New Year’s Resolutions have always made me dislike myself – just a little. They make me focus on all my faults, and vow to fix myself, all the while knowing, with absolute surety, that it’s soooo not gonna happen. It’s a futile process.
That never stops me from trying.
On January 1st of this year, I made some pretty good resolutions.
1. I gave up sweets. That lasted two days. Which was longer than the last time I gave up sweets. But I was in Fiji! At a buffet!
2. I gave up sarcasm. That one I’ve totally got down pat.
3. I pledged to be nicer. To hold my tongue more. To think before I speak. You now, the stuff you’re supposed to have mastered before the age of … when the hell are you supposed to get that one under control?
4. I pledged to travel more. I know, it was a gimme. Not fair.
I didn’t know I’d get a chance to celebrate Songkran, the celebration of the Thai New Year that occurs mid-April — after only 4 1/2 months of trying to be a better person and all that other crap I’m always striving toward. I’d have just LIVED IT UP – eaten that raspberry cheesecake I saw at Costco – let that lady at the airport who cut us in line have it – had I only known I’d soon be able to wipe the slate clean. Again.
Because Songkran lets you do just that. Wash away all the mean, petty, flippant, spiteful things your mouth eats says when your heart is sleeping. Sometimes, my heart is very, very tired. Apparently.

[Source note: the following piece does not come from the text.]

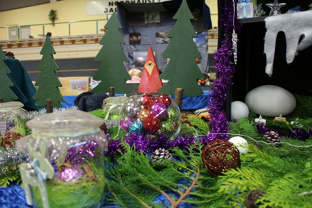 Und natürlich dürfen die schicken Basteleien, die Staubsauger und der Wein aus Langenlonsheim in der Pfalz nicht fehlen. All das schauten sich heute eine Vertreterin der Nordhäuser Wirtschaftsförderung sowie Landrätin Birgit Keller und ihr Büroleiter ausgiebig bei einer Führung an.

So, I went to Songkran, a highlight among highlights in Chiang Mai. We rented a truck loaded up with 3 huge barrels of water, and set about helping all the people of the city wipe their repentive slates clean. After hundreds of buckets of ice cold water were thrown at my head — by laughing strangers on the side of the road, in drive-by shootings from unassuming old ladies on putt-putt scooters with gigantic squirt guns, by small children, by a truckload full of men in black…even by the guy that filled our gas tank who just threw the water he was drinking at us, I did feel – if not cleansed, then definitely – refreshed.
And It. Was. Phenomenal.
What an awesome do-over for 2012!
Songkran is a celebration that originally had many religious connotations, like it sounds. And some people do still parade statues of the Buddha on the streets so they, too can receive cleansing. If one saves the water that drips from the Buddha and cleanses with that, they will have much luck for the entire year. But, for us, it was mostly just a wicked lot of fun. No praying necessary.

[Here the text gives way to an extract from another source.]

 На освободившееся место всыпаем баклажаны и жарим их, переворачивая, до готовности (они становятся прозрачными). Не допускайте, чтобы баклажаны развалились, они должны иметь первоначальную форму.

Resolutions are like prayers, though, in the way that I kind of keep them as open-ended, ongoing projects. God, or Buddha or whatever name happens to be used, is always setting things up for me to learn my lessons. Thus, the cheesecake. The lady at the airport. They’re total pains in the arse, but they help me be a bitter better person. So keep it coming, Buddha man. Bring it on! And I promise to rededicate myself to my own betterment every January. And April.